The Baldwin County school board ultimately awarded nearly $400,000 to each of the five public schools in Fairhope for the 2020-21 year and a combined $560,000 to schools in Spanish Fort. Requests by each school is as follows:
• J. Larry Newton School was awarded $79,000 for a STEM/math specialist for K-6; $71,000 for a literacy and technology coach for the upper grades; $71,000 for an intervention teacher; $30,000 for a part-time or contract social worker; $128,000 for four temporary paraprofessional educators; and $21,000 for instructional resources and materials.
• Fairhope West Elementary was awarded $85,000 for a STEAM coach; $70,000 for a STEAM/math coach; $28,160 for two part-time instructors; $69,000 for literacy instructional materials; $19,500 for the “Leader in Me” program; $50,000 for professional development; $6,100 for counseling; $25,000 for miscellaneous instructional supplies; $6,362 for technology supports; $10,000 for the library; $5,000 for physical education; $10,000 for the music and art programs; and $60,000 for four part-time instructors.
• Fairhope Intermediate School was awarded $87,000 for a STEAM/technology coach; $76,596.33 for an instructional/eMINTS coach; $29,000 for STEAM resources and materials; $5,000 for technology; $50,000 for professional development; $105,000 reading resources; $5,000 each for counselors, the library and physical education; $2,500 each for the music and art programs; $2,403.67 for the “Liberty Learning Legacy” program; $10,000 for miscellaneous instructional support; and $15,000 for the “Leader in Me” program.
• Fairhope Middle School was awarded $144,000 for two math intervention teachers; $144,000 for two language arts intervention teachers; $30,00 for a part-time social worker; $64,000 for two fill-time instructional paraprofessionals; and $18,000 for professional development.
• Fairhope High School was awarded $70,000 for a social studies intervention teacher; $70,000 for a science/coordinator position; $70,000 for a science/ACT prep position; $70,000 for a math/ACT prep position; and $55,000 for the “Crisis-Alert Safety Program.”
• Rockwell Elementary School was awarded $90,000 for three contract intervention teachers; $20,000 for instructional support materials; $30,000 for a technology/robotics contract instructor; $10,000 for technology and robotics instructional materials and supplies; $5,000 for contracted artists; $5,000 for enrichment classes; and $10,000 for professional development.
• Spanish Fort Elementary was awarded $120,000 for six contracted tutors; $5,000 for instructional support materials; $30,000 for a technology/robotic contracted instructor; and $10,000 for related materials.
• Spanish Fort Middle School was awarded $60,000 for two part-time social workers; $20,000 for a part-time math intervention position; and $20,000 for a part-time 504 position.

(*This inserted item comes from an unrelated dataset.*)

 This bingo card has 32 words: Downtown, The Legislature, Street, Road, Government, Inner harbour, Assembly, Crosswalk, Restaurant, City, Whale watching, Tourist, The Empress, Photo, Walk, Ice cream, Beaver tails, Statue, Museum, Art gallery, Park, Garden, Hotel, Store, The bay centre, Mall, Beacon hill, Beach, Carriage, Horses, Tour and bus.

• Spanish Fort High School was awarded $20,000 for teacher training in the AP Capstone program; $30,000 for teacher compensation for AP study sessions; $15,000 for ACT bootcamp and ACT prep materials; $30,000 for a part-time math tutor; and $30,000 for a part-time English and reading tutor.

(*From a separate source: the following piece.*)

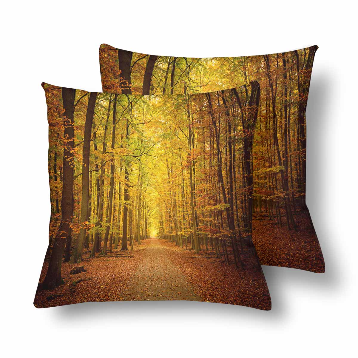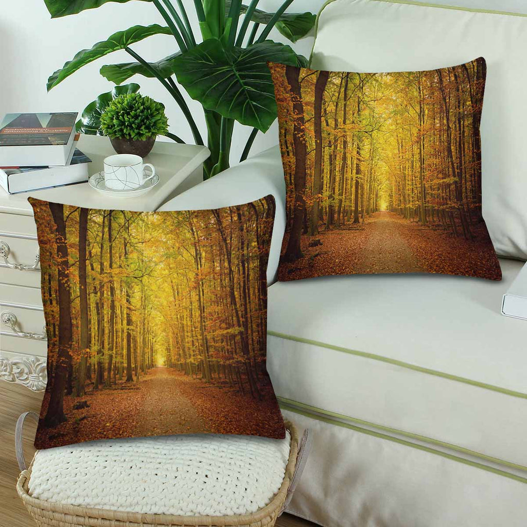 Tree and Mountains themed Pillow Case printed with Pathway in the autumn forest

Cole said the commission will also be looking at performance measures in the future to evaluate whether the funds are making a difference in test scores and aptitude.
“We have a number of standardized and specified accountability features at our disposal,” he said. “It’s a performance-based culture and we’re keenly interested in the outcome. We don’t expect to see improvements overnight but we do expect to see incremental improvements and we’ll be evaluating these expenditures each year.”